Она ведь почти поняла. Почти выбрала правильную тропу. Почти… и нить лопнула. Громко так. Так громко, что…

Она села.

Чихнула.

В носу что-то… что-то не то… пахло знакомо так. Сеном сухим и влажною, едва-едва скошенною травой. Так пахнет… где?

Хлебом.

Навозом.

Конюшня? Голова болела. Просто таки невыносимо.

– Эй ты, – в бок пнули. – Ишь, разлегся…

Больно! От боли она зашипела. И от непонимания. Как… кто… посмел…

В сумраке было видно крупное круглое лицо, а вот черты его расплывались перед глазами. Во рту пересохло. Сердце колотилось.

– Вставай, вставай! – её снова толкнули, опрокидывая на слежавшуюся солому, из которой отчетливо пахло плесенью.

Что произошло?

Что…

Теттенике с трудом, но поднялась. Сперва на четвереньки, потом… потом просто.

– На от, вычисти… дали боги помощника, даром, что рожей смуглый, а ленивый… – в руки сунули скребок. – И гляди у меня, хоть соринку на шкуре найду…

В нос сунули кулак.

Большой.

– Чего ты с ним возишься? – раздалось откуда-то сбоку. – Дай затрещину, чтоб место знал.

– Ага, а он еще нажалуется. Да и то… мало ли… кто их, желторожих, знает.

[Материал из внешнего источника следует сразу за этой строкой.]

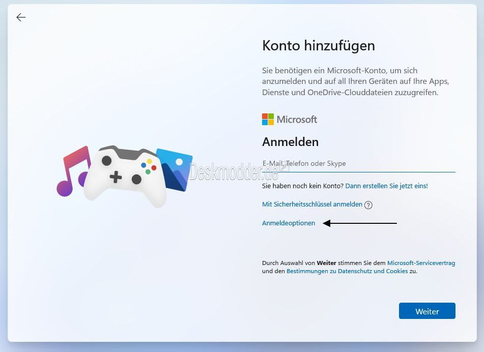 finde ich die Option „Stattdessen mit einem Microsoft-Konto anmelden" nicht.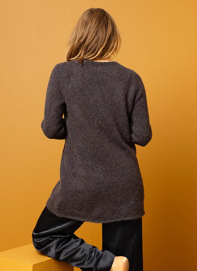 Lång stickad ulltröja med ribbad, rund halsringning.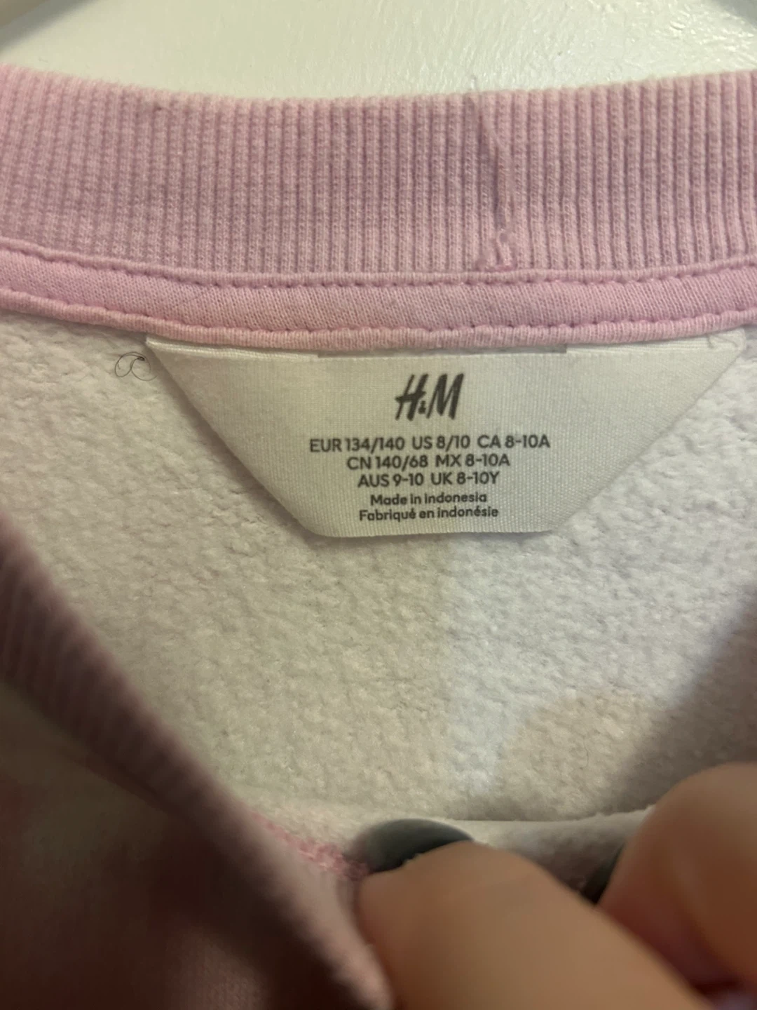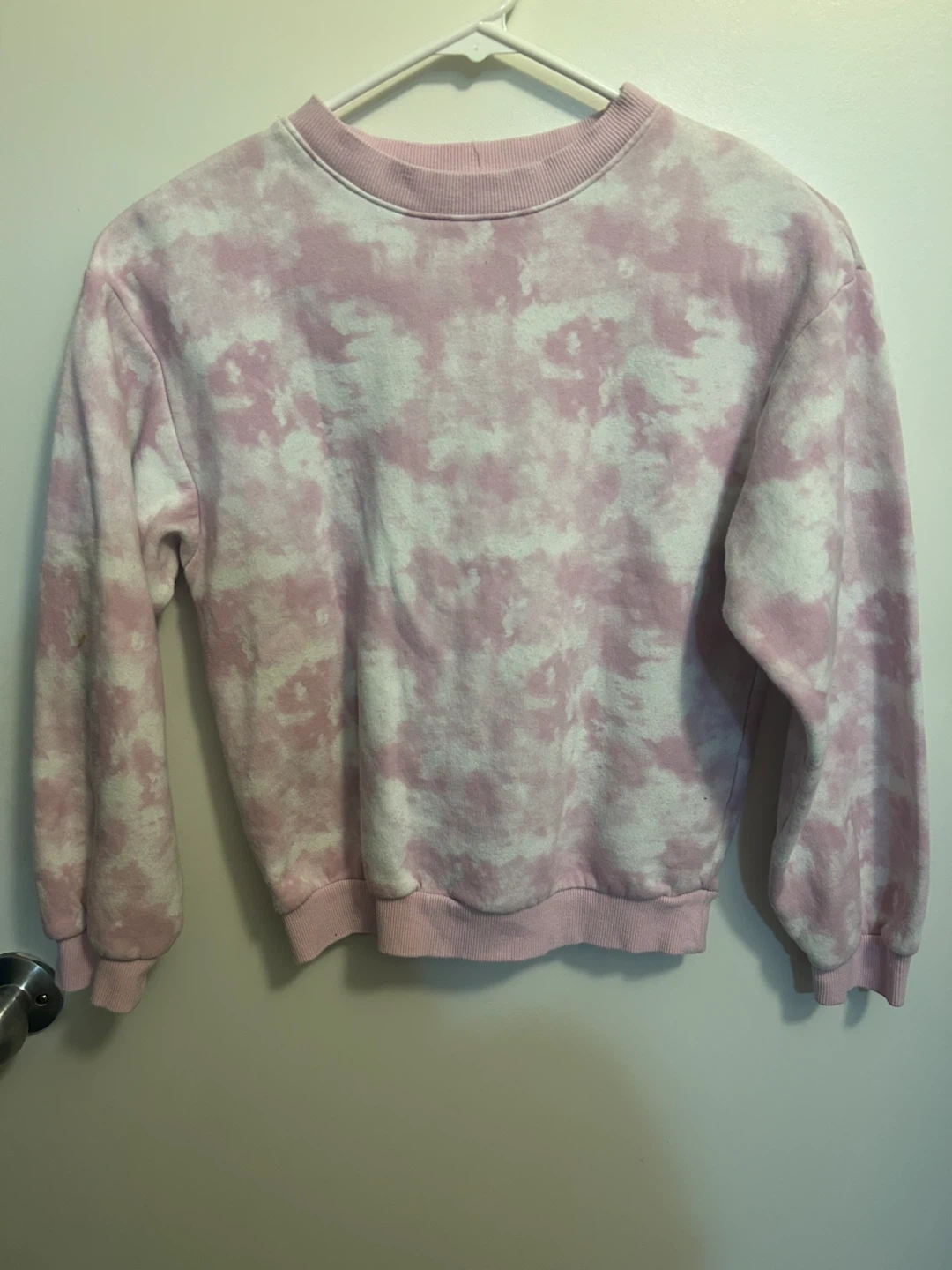 Selling a cute H&M sweatshirt for girls! It's a size 8-10 and features a fun tie-dye pattern in pink and white. Perfect for keeping cozy and stylish!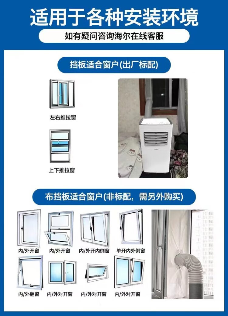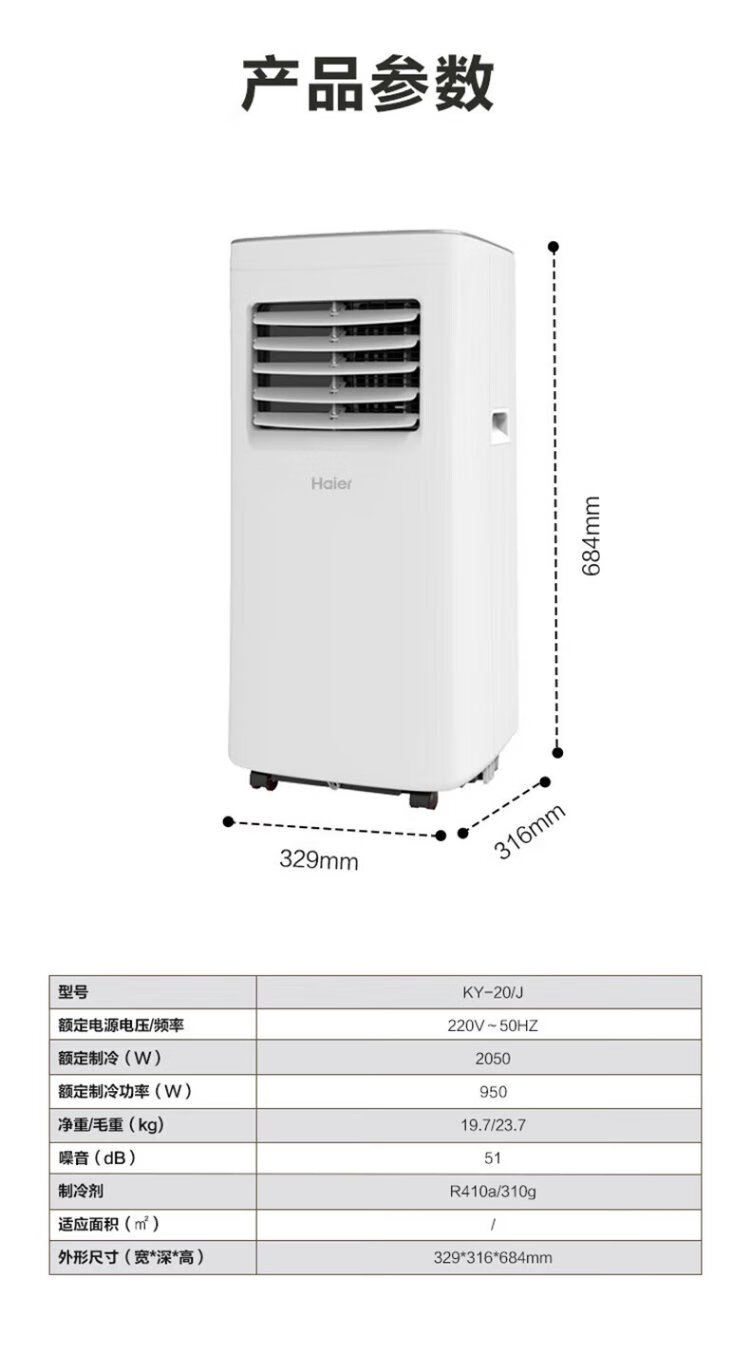 Haier mobile air conditioner large 1 HP single cooling movable air conditioner all-in-one machine without outdoor unit installation-free dormitory kitchen rental living room small air conditioner KY-20/J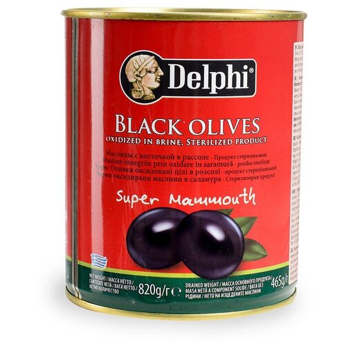 Маслины DELPHI с косточкой в рассоле Super Mammouth 91-100, 820 гр.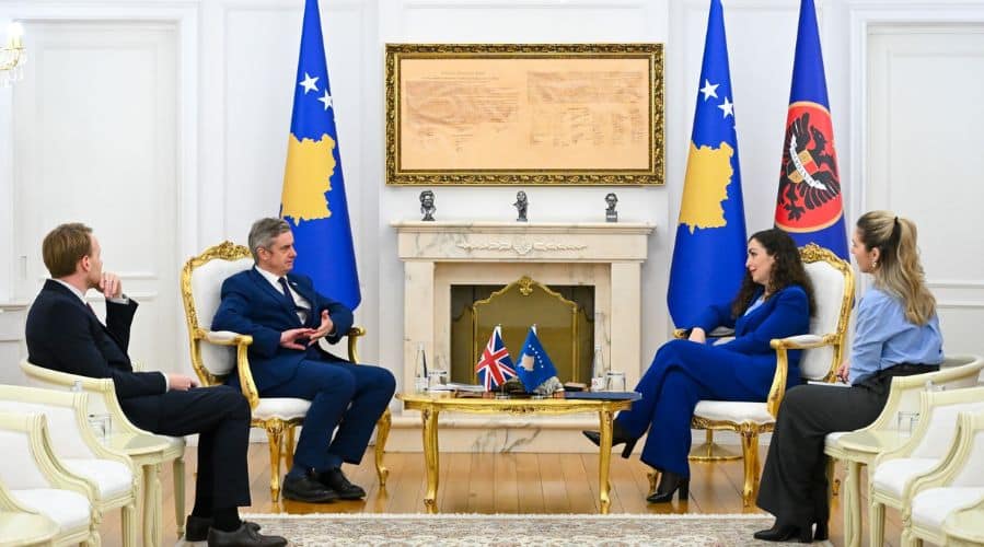 Presidentja e Kosovës, Vjosa Osmani, priti sot Ambasadorin britanik Jonathan Hargreaves, ku u diskutuan zhvillimet e fundit në vend dhe bashkëpunimi strategjik me Mbretërinë e Bashkuar.

И человек отступил. Правда, недалеко.

– И хилый он больно. Не дайте боги, помрет ненароком… эй, есть хочешь?

Теттенике осторожно кивнула.

Она ничего не понимала. Или… это все ведьма! Ведьма что-то сделала, и Теттенике… Теттенике была там, по другую сторону зеркала. А теперь оказалась здесь. И… и где это «здесь»?

– На от, – ей протянули флягу и кусок хлеба. – А коня все одно вычисти, а то хозяин вернется и заругает.

Коня?

Только теперь Теттенике рискнула обернуться.

Коня…

Самого… она видела его прежде. И даже ехала верхом, если можно так назвать сидение в паланкине, что закрепили на широкой спине самого огромного, самого страшного коня из всех, кого только пришлось встретить Теттенике.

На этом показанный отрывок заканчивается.